In the midst of the ongoing Bitcoin (BTC) bull run, data from wallet addresses tracked by Kaiko reveals a notable slowdown in the growth of Bitcoin whales or millionaires. Kaiko points out that this slowdown in the creation of millionaire-level wallets is due to various factors, including investors taking profits in the face of the largest cryptocurrency’s rising price.
2020-2021 Growth Rate Surpassed
While the current bull run began with Wall Street‘s long-awaited embrace of spot exchange-traded funds (ETFs), the rate of new Bitcoin millionaires emerging seems to lag behind the speed seen during the 2020-2021 uptrend. Despite BTC‘s impressive 70% rise this year, pushing the price up to $73,000 and reaching new record levels, the growth rate of millionaire wallets remains lower compared to previous bull markets.

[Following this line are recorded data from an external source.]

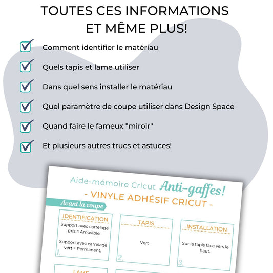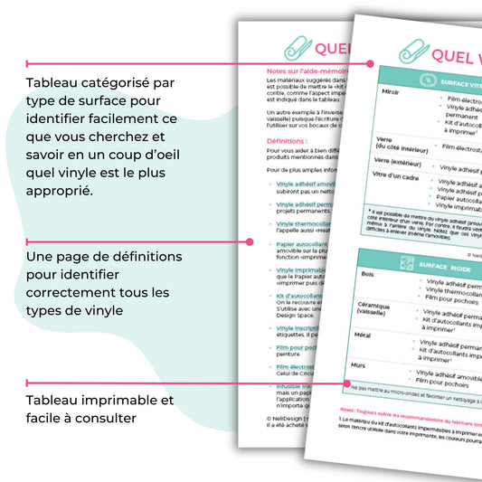 Aide-mémoire Cricut - Quel vinyle utiliser
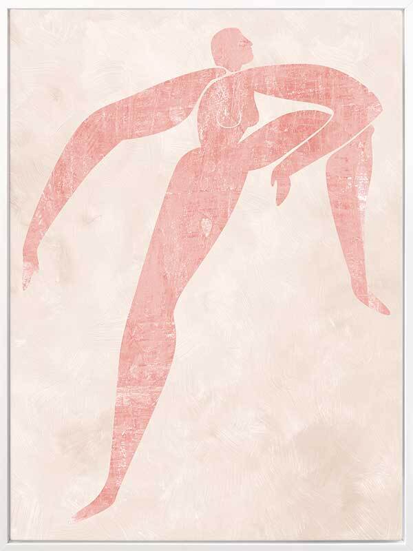 Marguerite Cut-Out II Canvas Art Print - Drawing inspiration from the iconic cut-out style artwork from modern art master Matisse, this artwork features a simplistic, caricature-like portrait of a figure with exaggerated limbs. The colour palette is soft and feminine, featuring a blush pink figure against a pale pink textured background. This artwork has been created to match with Marguerite Cut-Out I, III and IV.
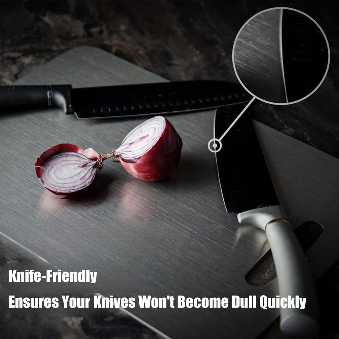 - ă100% pure titanium cutting boardăPure titanium cutting board completely improves the shortcomings of traditional cutting boards: traditional cutting boards are prone to cutting gaps, leaving food residues at the gaps,and absorbing odors and other minor problems. The front side is for cutting fruits and vegetables, and the back side is for cutting meat to avoid cross-use, and make our food processing safer and healthier
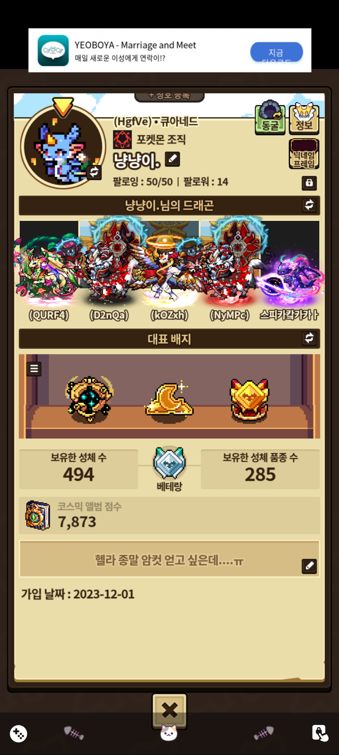 저 마스터 될려면 6마리 더 얻어야 하는데 업적에서는 500마리 모았대요…..
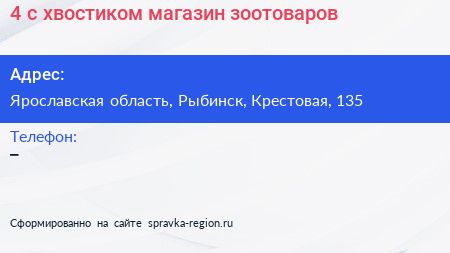 4 с хвостиком, магазин зоотоваров по адресу Ярославская область, Рыбинск, Крестовая, 135 в дальнейшем Организация, размещена в следующих категориях:
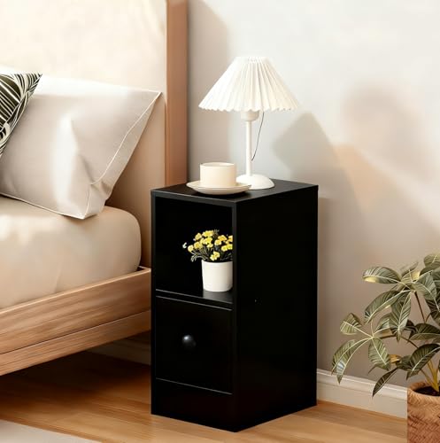 Redd Royal Tall Slim Bedroom Bedside Table Cabinet Nightstand with Storage Shelf and Drawer, Living Room Corner Small Sofa Table Side Table End Table for Narrow Space (20cm single drawer black)
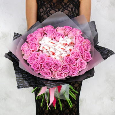 Букет из розовых роз с Раффаэлло Россия 60 см.| 6 300 Р | без скидки |
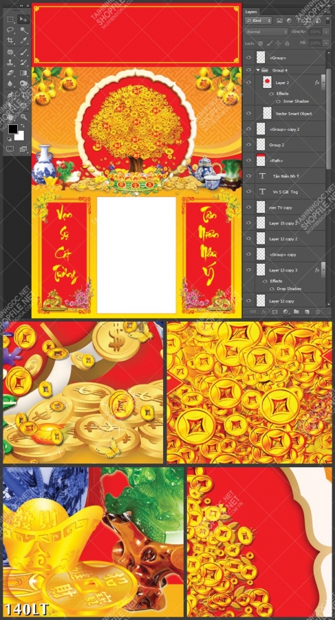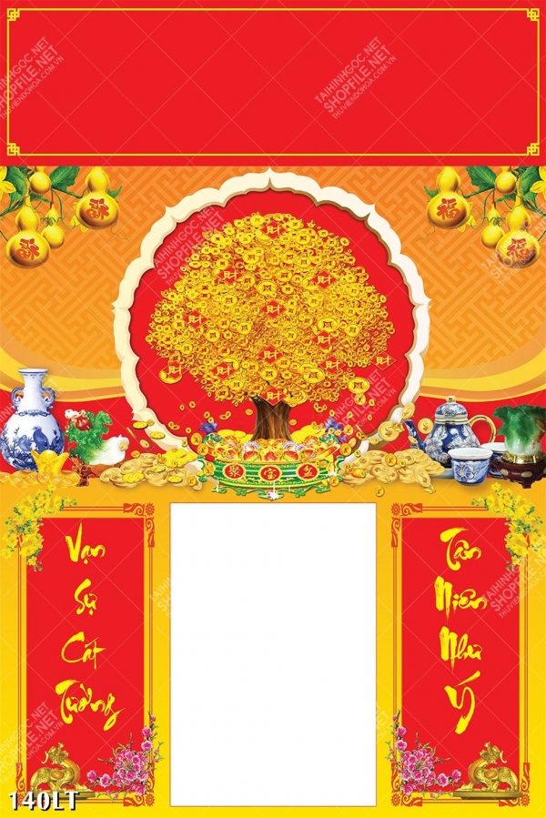 Tranh lịch cây vàng phát tài lộc, file gốc tranh lịch trang trí ngày tết
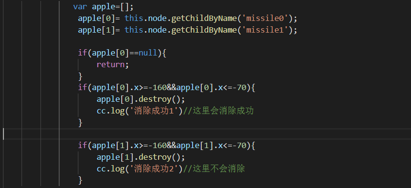 老哥们,我设置两个物体一前一后移动,当移动到一定位置的时候我按下按钮,判断他们的位置是否到达了,到达位置就消除节点,但是为啥他只会消除第一个节点,不会消除第二个节

Data compiled by Paris-based Kaiko shows that fewer than 2,000 millionaire wallets, each holding $1 million worth of BTC, are being created daily. This is a puzzling development compared to the last bull run, where over 4,000 millionaire wallets were created daily, with more than 2,000 wallets having a balance of $10 million each.
The stagnation in the growth rate of millionaire wallets suggests that the current bull run may still be in its early stages, with new capital yet to peak. However, market analysts consider that due to ongoing entries into spot ETFs and the anticipated supply reduction from the upcoming 4th block reward halving, Bitcoin’s price could rise to $150,000 and beyond in the coming months.
Reasons for the Slowdown Detailed
Kaiko adds that the slowdown in the growth rate of millionaire wallets could be due to several possible reasons, including delayed new capital inflow, large whales taking profits as BTC reaches new highs, and a shift towards storing assets with custodians rather than personal wallets.
Furthermore, recent data shows a widening gap between the liquidity on the buy and sell sides of the order book near market price, with limit orders accumulating on the sell side. This suggests that investors are leaning towards taking profits at the current record levels.